Prove that $\forall P$, $Q \in \mathbb{B}.$ $(P \Rightarrow Q) \Leftrightarrow(\neg P \vee Q)$ without using truth table
The grader says that my proof below is wrong: “To prove an iff statement, you should prove from two directions instead of cases. In this question, you need to prove $(P \Rightarrow Q) \Rightarrow (\neg P \vee Q)$ AND $(\neg P \vee Q) \Rightarrow (P \Rightarrow Q).$” I don't think that the grader is right about my approach. Is my proof correct or wrong?

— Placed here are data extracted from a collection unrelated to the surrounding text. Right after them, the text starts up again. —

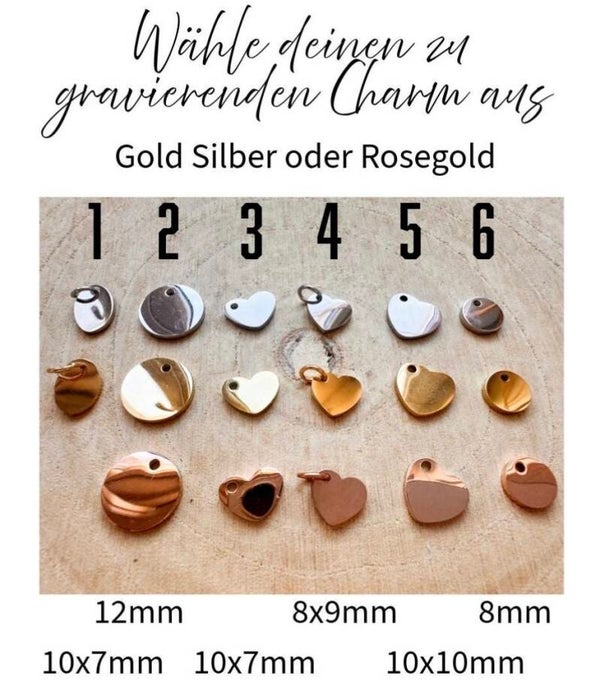• Gravurplättchen: rund, oval oder Herzform – personalisierbar mit Name, Datum, Initialen oder Symbol
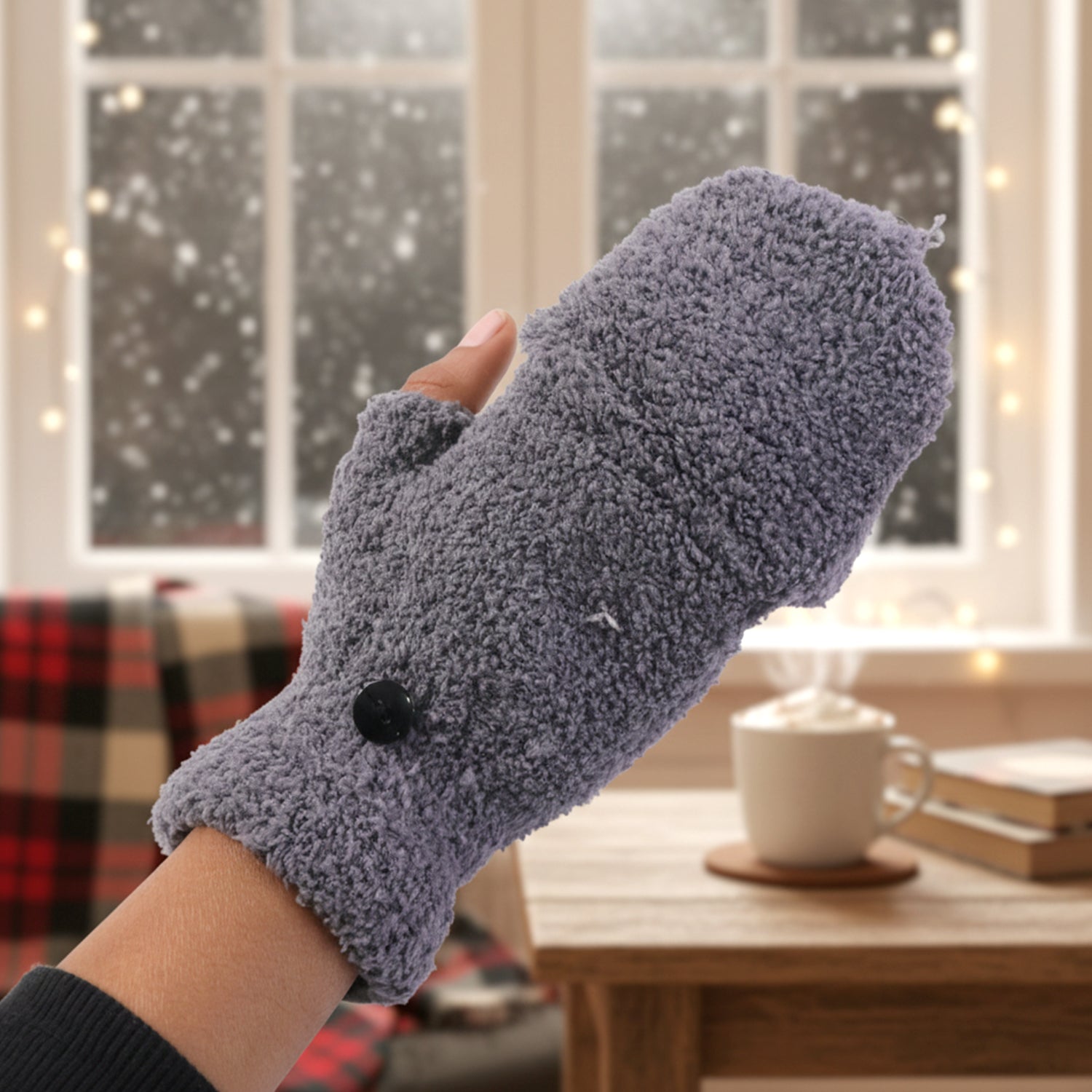 1 Pair Winter Fingerless Warm Gloves for Men & Women – Soft Fleece Hand Gloves with Button Flap Cover, Cozy Cold Weather Hand Warmer Gloves for Outdoor, Office & Daily Use
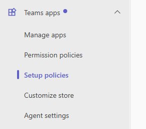 - In the Teams Admin Center, navigate to: Teams apps -> Setup policies.

To prove that $(P \Rightarrow Q)$ and $(\neg P \vee Q)$ are equivalent, we first consider the ways for the equivalence to fail; there are two such cases:
Case 1. Suppose that $(P \Rightarrow Q)$ is true and $(\neg P \vee Q)$ is false.

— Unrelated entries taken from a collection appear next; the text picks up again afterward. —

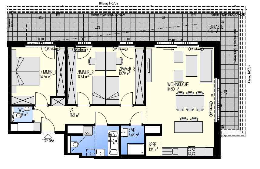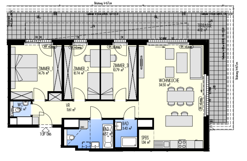 Green Eastside - Leben in der Donaustadt Bertha-von-Suttner-Gasse 4, 1220 Wien Eckdaten Stiege 3 • Stock 7.OG • Top 3-086 Zimmer 4 • Größe 95,26 m²/41,12 m² Terrasse Bezug geplant Q4/2022 Preis/Finanzierung Gesamtkaufpreis EUR 647.848,80
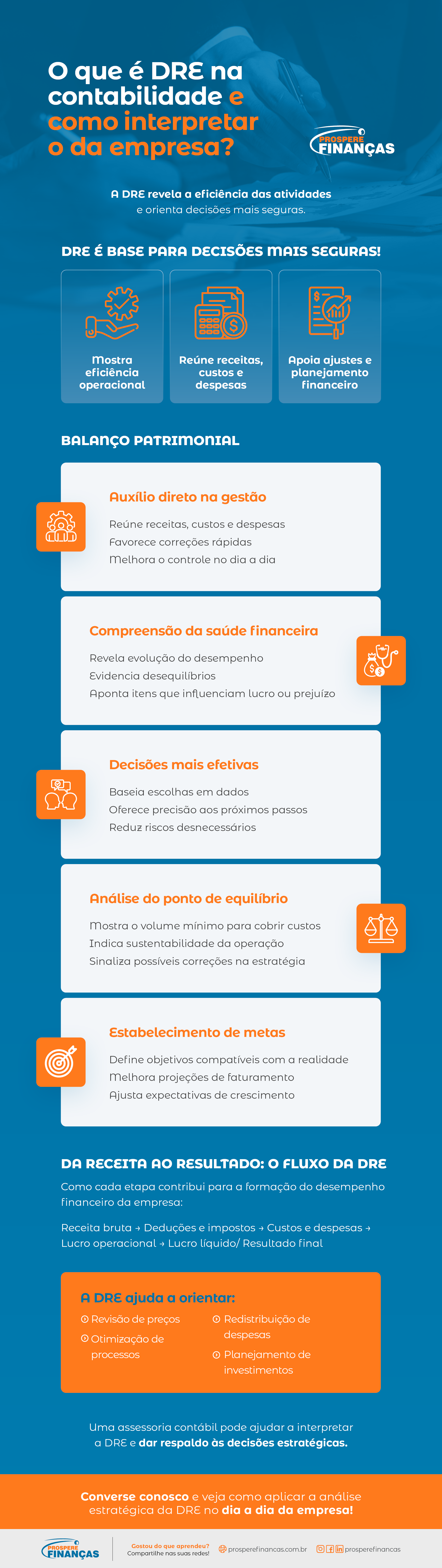 Essa leitura é importante porque orienta decisões estratégicas, como ajustes de preços, revisão de processos, reorganização de despesas e planejamento de investimentos. Além disso, compreender a DRE contribui para um acompanhamento mais seguro da saúde financeira.
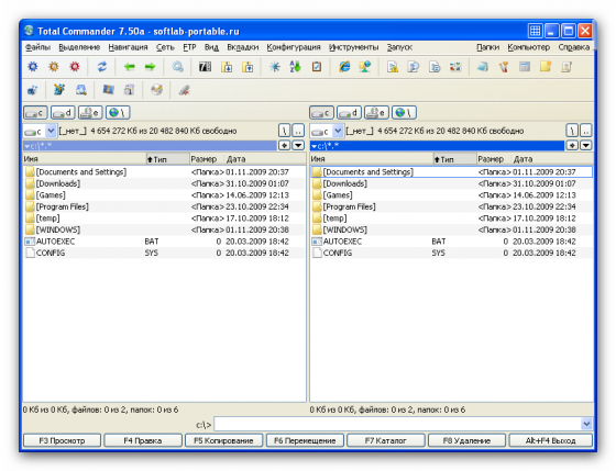 Total Commander - популярный файловый менеджер с практически всеми необходимыми для таких программ функциями. Кроме всех функциональностей, характерных для файловых менеджеров, в Total Commander встроены очень удобные просмотрщики для мультимедиа и графических файлов, распаковщики ZIP, ARJ, LZH, RAR, UC2, TAR, GZ, CAB, ACE и дополнительные dll для других архивных файлов; встроенный ftp-клиент - вообще просто прелесть: можно скачивать/закачивать файлы в несколько потоков, есть докачка, поддержка www-прокси при работе с ftp и есть даже такая функция, как подключение-скачивание-отключение в заданное время к заданному ftp. Не будут лишними и такие функции, как UUE/MIME/XXE кодирование/декодирование и разрезка/склейка длинных файлов, а также множество других функций, крайне необходимых для работы с файлами.

In this case, since $(\neg P \vee Q)$ is false, $Q$ and $\neg P$ must all be false, which means that $P$ is true. So, $P$ is true and $Q$ is false, which means that $(P \Rightarrow Q)$ is false, which contradicts our statement. So Case 1 is impossible.
Case 2. Suppose that $(P \Rightarrow Q)$ is false and $(\neg P \vee Q)$ is true.
In this case, since $(P \Rightarrow Q)$ is false, we know that $P$ is true and $Q$ is false. So, $\neg P$ is false. Since both $\neg P$ and $Q$ are false, $(\neg P \vee Q)$ is false, which contradicts our statement. Thus, Case 2 is also impossible.
Since the only two cases for the equivalence to be false are impossible, we conclude that for all $P$, $Q \in \mathbb{B}.$ $(P \Rightarrow Q) \Leftrightarrow(\neg P \vee Q).$